Generally, the components, prior to reacting, exhibit relatively low viscosities. The low viscosities of the components allow the use of lower temperatures and pressures than those utilized in traditional injection molding. However, the rapid subsequent reaction of the two components requires complex mixing heads to be used as precise control of mixing times and reagent stoichiometries.

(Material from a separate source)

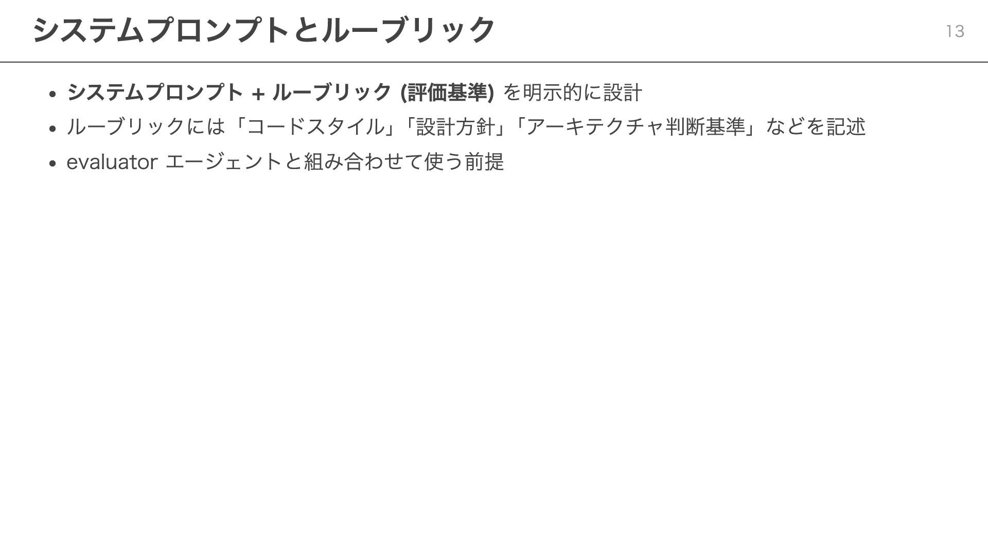 システムプロンプト + ルーブリック (評価基準) を明示的に設計 ルーブリックには「コードスタイル」 「設計方針」 「アーキテクチャ判断基準」などを記述 evaluator エージェントと組み合わせて使う前提

Finally, in addition to materials which fall into the discrete categories of thermoplastic or thermoset, it has also been found possible to modify a thermoplastic polyurethane or polyurea compositions by introducing materials in the composition which are able to undergo subsequent curing in additional processing steps such as compression molding after injection molding the thermoplastic and result in properties similar to those of a thermoset. For example, Kim et al. in U.S. Pat. No. 6,939,924, the entire contents of which are hereby incorporated by reference, disclose a thermoplastic urethane or urea composition formed as a reaction product of diol or a polyol with an isocyanate; and further comprising a modified or blocked isocyanate, the resulting mixture may then be injection molded to form half shells which can then be placed around a golf ball core and compression molded under conditions sufficient to cause the blocked isocyanate to unblock and induce further cross linking to form a thermoset cover.
However, it would be extremely advantageous to develop a system in which a thermoset composition may be directly formed as a golf ball layer by utilizing a conventional injection molding process and equipment without the need for installation of the complex mixing and control systems typically associated with reaction injection molding and without the need for additional process steps to complete the cross linking process.
The present invention provides an isocyanate-modified composition comprising A) a solid polyol, solid polyamine or a solid polymer containing both hydroxyl- and amine-functionality and B) a blocked isocyanate. The compositions of the present invention may then be injection molded using conventional injection molding techniques at a temperature sufficient to cause unblocking of the isocyanate component and subsequent reaction to form either a thermoplastic or thermoset urethane or urea-modified article, depending upon the stoichiometry of the blocked isocyanate and polyol or polyamine components in the composition, and the time or temperature of the injection molding process.
In an especially preferred embodiment, using the composition of the present invention allows a golf ball layer to be manufactured having the mechanical properties of a thermoset polyurethane but using conventional injection molding techniques and without the requirement for either a single processing step, such as reaction injection molding (with its complex mixing and control systems), or the need for an initial injection molding step followed by a subsequent processing step, (such as compression molding) to form a thermoset.